Voici en quelques mots la trame du roman de José Saramago, Les intermittences de la mort (Points, 2009).
Le 1er janvier d’une nouvelle année inconnue, dans un pays tout aussi inconnu, les gens arrêtent brusquement de mourir. Ils ne rajeunissent pas, ni ne guérissent mais ils ne meurent plus. Tout simplement. Les personnes à l’agonie restent en suspens, comme si elles refusaient de franchir la frontière qui les séparent de l’enfer, du purgatoire ou du paradis.
Se posent alors de nombreux problèmes pratiques: hôpitaux surchargés, maisons de retraites bondées (et oui le turn-over habituel possible uniquement grâce aux décés est en panne), assurances effrayées par la faillite, surpopulation, vieillssement infini…Pour la population, cette grève de la mort est vécue soit comme un fardeau (pour les suicidaires et les mourants) soit comme une bénédiction.
L’Etat, tout comme l’Eglise menacée de disparition, décident alors d’intervenir et n’hésitent pas à utiliser des moyens illégaux et peu orthodoxes pour rassurer la population et protéger leurs propres intérêts.
Alors que tout le monde se fait peu à peu à l’idée de la vie éternelle, la mort décide de reprendre ses droits, sans crier gare. Ne s’agissait-il que d’une trève? La mort se jouerait-elle des simples et faibles vivants que nous sommes?
En faisant de la mort un personnage à part entière qui peut faire preuve de réflexions, de susceptibilité et de sens pratique, José Sarramago donne à la mort un nouveau visage, un visage presque humain, qui la rend réellement attachante aux yeux du lecteur. En utilisant le point de vue de la mort comme point de vue narratif principal, l’auteur nous pousse à prendre du recul, à nous moquer de nous-même et à réfléchir à cette angoisse si propre à l’humanité: la peur de mourir.
Avec humour, cynisme et virtuosité, l’écrivain se joue des politiques, des philospohes, des religieux et des petites gens qui, en réalité, ont tous besoin de la mort, à différents degrés.
José Sarramago remet ainsi en cause plus de 2000 ans de civilisation judéo-chrétienne, qui a basé toute sa foi sur le culte de la résurrection et dont l’Eglise a basé son pouvoir et son influence sur la vie après la mort ou l’absolution des péchés avant le dernier soupir.

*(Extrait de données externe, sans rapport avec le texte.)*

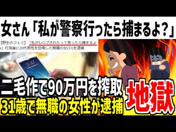 【二毛作】女さん「本当は同意してない。金払わないなら警察行くよ?」→男から90万騙し取って逮捕された模様...
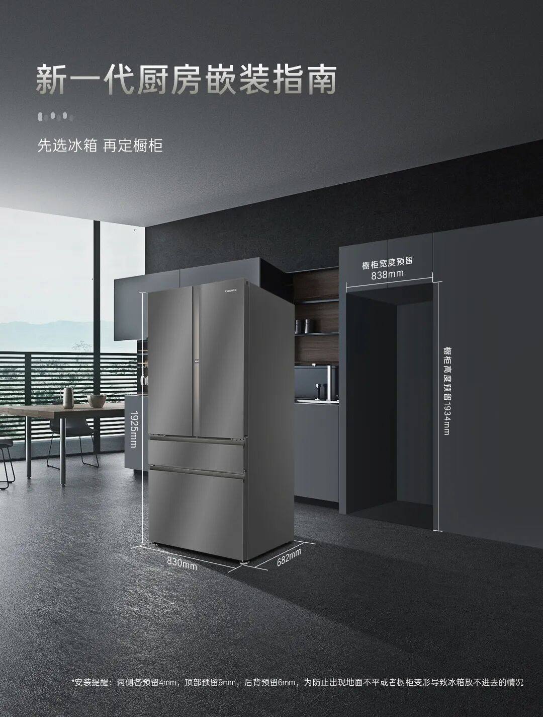 Reserved installation width 838mm
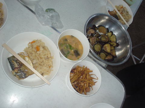 メニューは炊き込みご飯と焼きサバと味噌汁です。
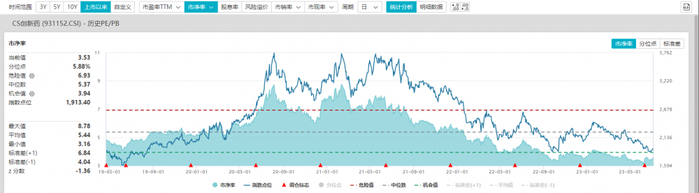 值得注意的是,从估值看来,中证创新药产业指数市净率位于上市以来5.88%的历史分位点,估值处于较低水平。
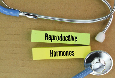 stethoscope and colored paper with the word reproductive hormones. chemical messengers that play crucial roles in regulating sexual development, reproductive processes, and overall

Sarramago dresse un portrait intransigeant de la condition humaine qui, comme à son habitude, ne peut se satisfaire de ce qui lui est offert, même s’il s’agit là de la vie éternelle. Iune grande virtuoisté linguistique.

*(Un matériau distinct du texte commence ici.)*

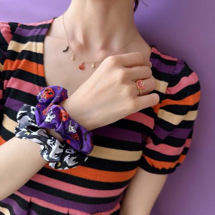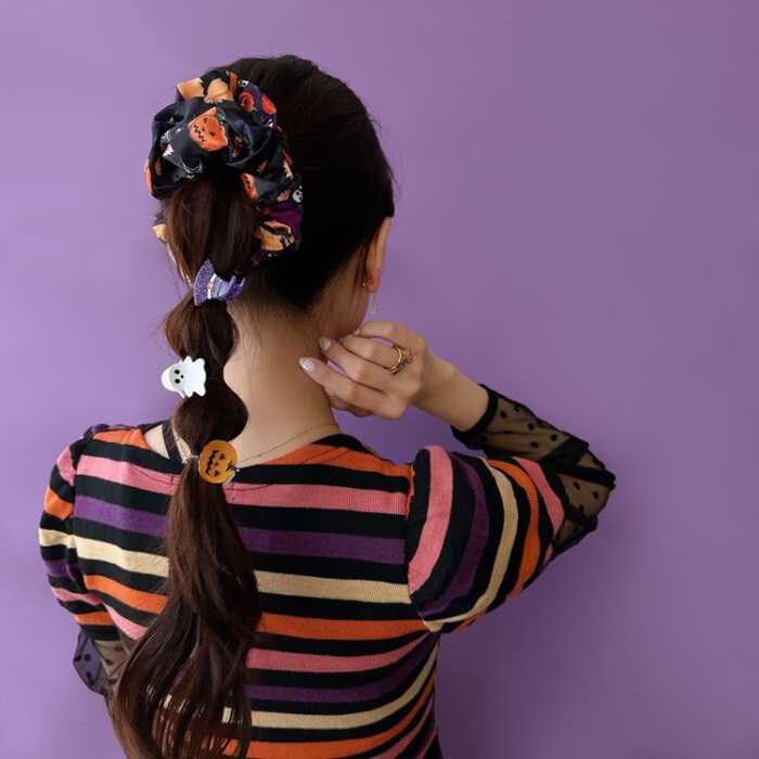 ハロウィンのテーマにぴったりなアイテムが揃っており、トータルコーディネートも簡単に楽しめます。オレンジやブラック、パープルなどの色合いで、シンプルでも華やかな印象に。

Et si la mort se mettait à son tour en grève?
Cet ouvrage m’a davantage paru comme étant un monologue intérieur vide de sens. Le thème était pourtant intéressant. Pour s’accrocher aux mots il faut vraiment être détaché de tout intérêt. J’ai aussi été destabilisée par la syntaxe: un champ de mines et de désoeuvrement littéraire. A revoir. L’auteur s’est-il relu ou joue-t-il sur sa « popularité » ou sur sa popu-nullité?